Por la tarde, en el caserío hubo la comida de funerales; en una sartén echaron una gran cantidad de tocino hasta liquidarlo por completo, y hecho esto pusieron la sartén en un poyo, formaron los hombres un círculo alrededor y fueron mojando sucesivamente en la grasa pedazos calientes de borona.
Concluida la comida, se fueron marchando los invitados y los hijos y no quedó en la cocina de la casa más que la vieja. Ramiro, mejor que allí, prefirió dormir en el campo y salió de casa.
Hacía una noche de otoño húmeda y templada; la recordaba don Ramiro profundamente, con sus sentidos; veía las nubes que corrían atropelladamente en pelotones opacos; le parecía sentir la frescura dulce del viento que murmuraba entre los árboles y contemplaba la claridad de la luna que atravesaba el follaje y daba un aspecto fantástico a los troncos caídos en el monte.
Era la primera vez que Ramiro había pensado en su vida, en su porvenir, aunque de una manera vaga.
A la revuelta de un camino se halló de improviso frente a una casa. Escapaba la luz por los intersticios de la puerta del granero. Impulsado por la curiosidad, el muchacho subió una rampa que había para llegar al granero y miró por las rendijas de la puerta.
En un local extenso, a la luz de unos candiles que humeaban, unos hombres y mujeres habían formado un corro alrededor de un gran montón de mazorcas de maíz, a las que despojaban de sus cubiertas.

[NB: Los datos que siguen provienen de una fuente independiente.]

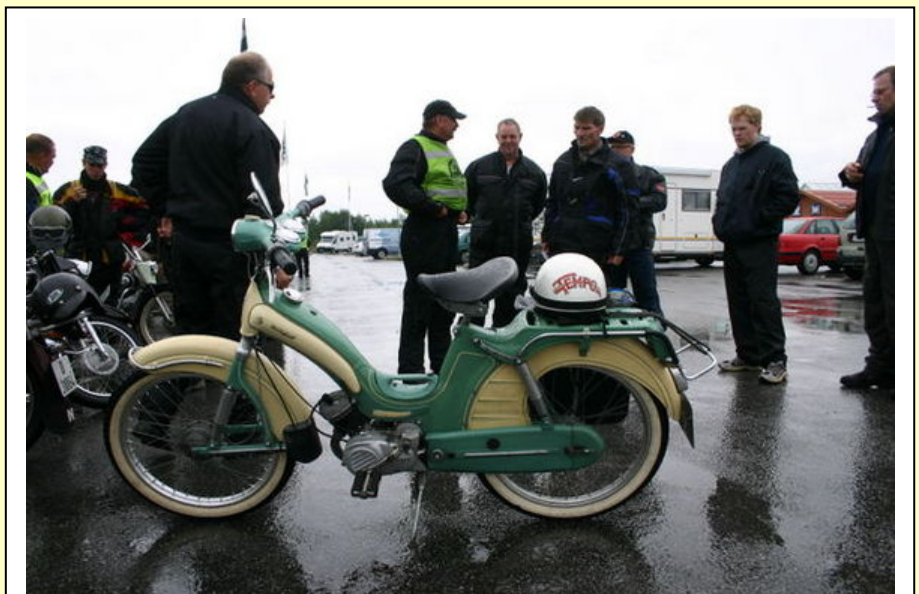
Termopeden blir beundret av andre Tempoførere. Her på Tynset under utstillingen på årets Tylldaltreff.

Senere har jeg snakket med noen som tidligere har jobbet med denne sykkelen. De kunne også bekrefte at problemet var nettopp girboksen.

Habían debido de terminar el trabajo, porque al cabo de poco tiempo se levantaron todos y fueron amontonando las mazorcas en un lado y las hojas en otro por los rincones.
Cuando se despejó el granero, uno de los mozos cogió un acordeón, y en el silencio de la noche comenzaron a sonar las notas del instrumento, primero confusas y atropelladas, luego con un aire de gaita. Otro de los mozos se levantó e invitó a bailar a una muchacha, fresca y rozagante; ella, después de hacerse la remilgada, se plantó frente a él, un viejo marcó el compás, dando con su pipa de barro en un vaso, y comenzó el baile que se fue haciendo más general.
Pasaban ellos y ellas de la luz a la sombra; se oía acompasado el castañeteo de los dedos, las fuertes pisadas de los mocetones que hacían estremecer el pavimento, chillidos agudos de mujer y de vez en cuando algún irrintzi, grito de salvaje alegría, y la risa zumbona de algún viejo que a la mitad se transformaba en una tos pertinaz…
Ramiro sentía una enorme tristeza; al alejarse de allí, una voz de mujer cantaba subrayando una canción en vascuence que aún Ramiro recordaba, una canción en la cual el poeta campesino acusa a una muchacha de saber bailar mejor que escardar el maíz.
Los demás acompañaban el canto dando palmadas y repetían a cada estrofa, el estribillo de la canción:
Ai ene, nik ere nahi nuke
Ai ene, zuk nahi bazenuke.
Estribillo que tenía entonaciones cariñosas, sensuales, productoras de nostalgia de amor en boca de aquellas muchachas garridas y fuertes.
Dejó Ramiro de mirar el granero y dio la vuelta al caserío.
En otra vivienda había una ventana iluminada. Se acercó y oyó vagamente el cántico de una madre que dormía a su hijo; Ramiro, entonces, sintió los ojos arrasados en lágrimas y se alejó de allí; se tiró al suelo entre los húmedos helechos, y con la cara oculta entre las manos, lloró largo tiempo, amargamente…
Nunca después había sentido una emoción tan grande como la de aquella noche. Ante su recuerda de niño, palidecían y se borraban todos los de su vida de hombre.